_TO DO_. The answer must consist solely of the lines from the line with "Rústica invitación a" to the final line of the data below, reproduced exactly, pictures omitted.

[Records from a data collection]
********
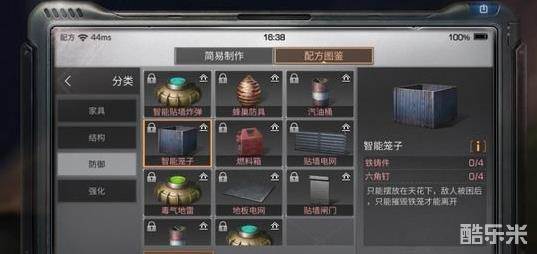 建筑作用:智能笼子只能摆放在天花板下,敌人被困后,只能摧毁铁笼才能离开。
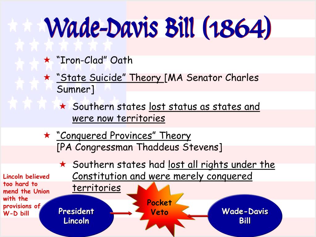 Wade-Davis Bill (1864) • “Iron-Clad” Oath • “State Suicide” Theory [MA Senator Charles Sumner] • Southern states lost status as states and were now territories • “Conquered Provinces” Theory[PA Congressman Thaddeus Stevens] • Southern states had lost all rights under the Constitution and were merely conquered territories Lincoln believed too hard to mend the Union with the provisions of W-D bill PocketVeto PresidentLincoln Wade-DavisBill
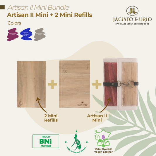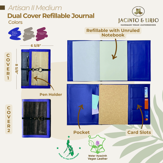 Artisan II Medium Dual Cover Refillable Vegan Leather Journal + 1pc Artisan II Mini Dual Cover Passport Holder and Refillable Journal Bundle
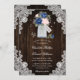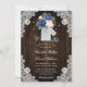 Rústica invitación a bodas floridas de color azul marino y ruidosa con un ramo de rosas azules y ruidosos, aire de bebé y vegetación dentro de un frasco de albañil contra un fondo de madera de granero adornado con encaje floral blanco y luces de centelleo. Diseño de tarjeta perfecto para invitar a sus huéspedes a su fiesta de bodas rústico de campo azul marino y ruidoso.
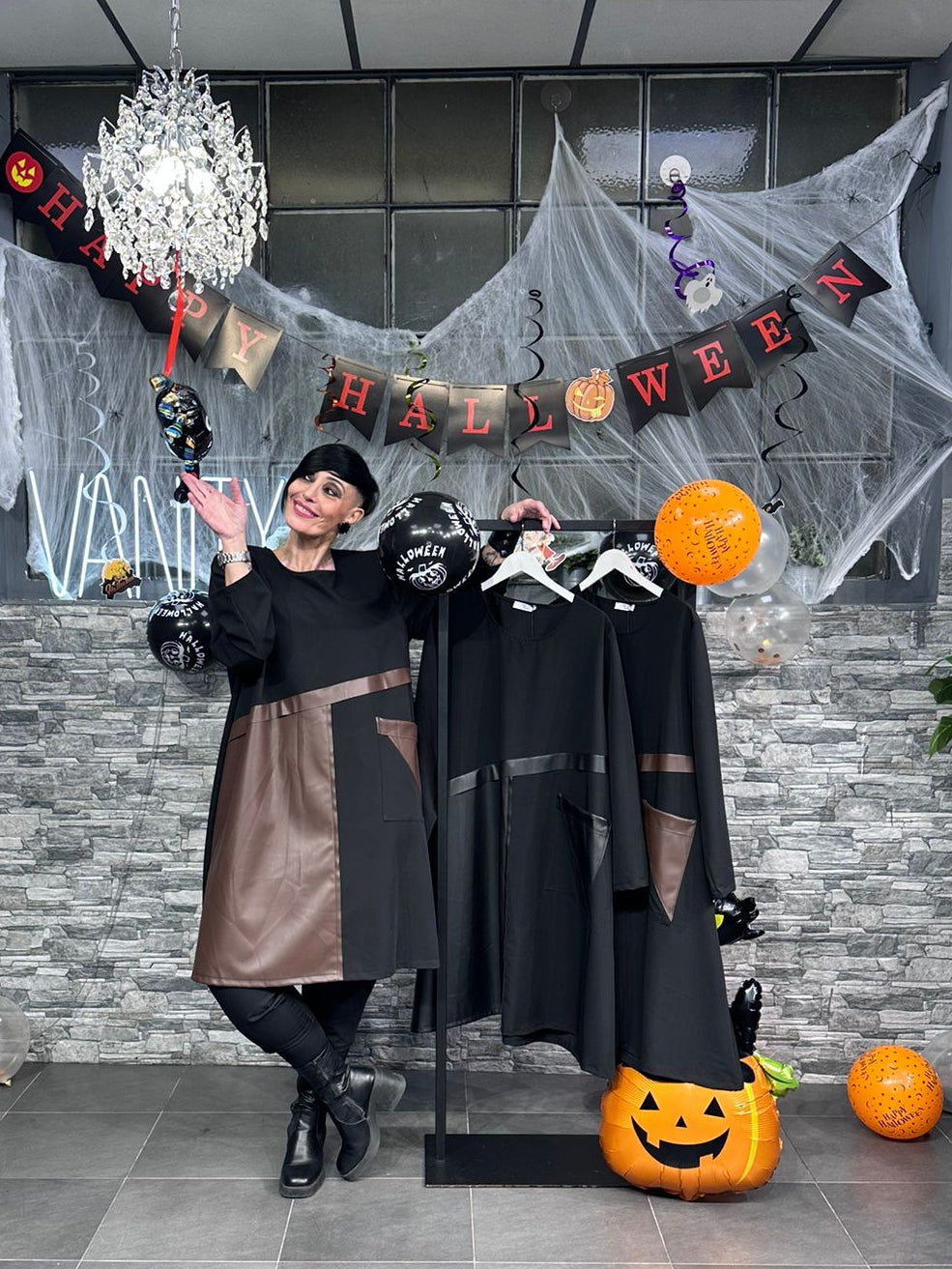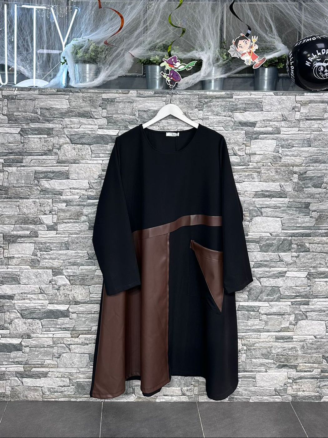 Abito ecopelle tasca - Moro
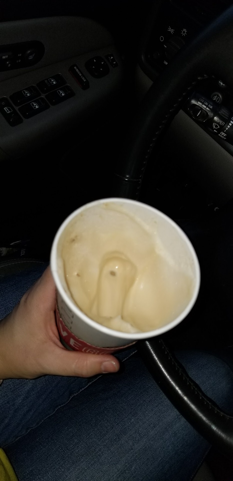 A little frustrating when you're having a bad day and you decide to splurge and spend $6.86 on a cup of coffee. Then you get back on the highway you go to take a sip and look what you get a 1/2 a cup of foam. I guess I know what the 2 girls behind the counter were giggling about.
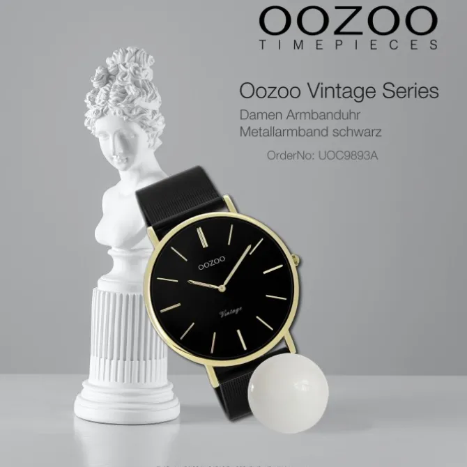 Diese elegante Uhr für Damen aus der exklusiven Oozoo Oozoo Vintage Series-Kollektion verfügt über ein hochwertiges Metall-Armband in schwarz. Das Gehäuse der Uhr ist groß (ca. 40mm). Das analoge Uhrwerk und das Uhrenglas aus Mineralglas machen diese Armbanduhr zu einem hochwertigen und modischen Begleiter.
********
_SOLUTION FOR THIS EXERCISE_.
 Rústica invitación a bodas floridas de color azul marino y ruidosa con un ramo de rosas azules y ruidosos, aire de bebé y vegetación dentro de un frasco de albañil contra un fondo de madera de granero adornado con encaje floral blanco y luces de centelleo. Diseño de tarjeta perfecto para invitar a sus huéspedes a su fiesta de bodas rústico de campo azul marino y ruidoso.
 Abito ecopelle tasca - Moro
 A little frustrating when you're having a bad day and you decide to splurge and spend $6.86 on a cup of coffee. Then you get back on the highway you go to take a sip and look what you get a 1/2 a cup of foam. I guess I know what the 2 girls behind the counter were giggling about.
 Diese elegante Uhr für Damen aus der exklusiven Oozoo Oozoo Vintage Series-Kollektion verfügt über ein hochwertiges Metall-Armband in schwarz. Das Gehäuse der Uhr ist groß (ca. 40mm). Das analoge Uhrwerk und das Uhrenglas aus Mineralglas machen diese Armbanduhr zu einem hochwertigen und modischen Begleiter.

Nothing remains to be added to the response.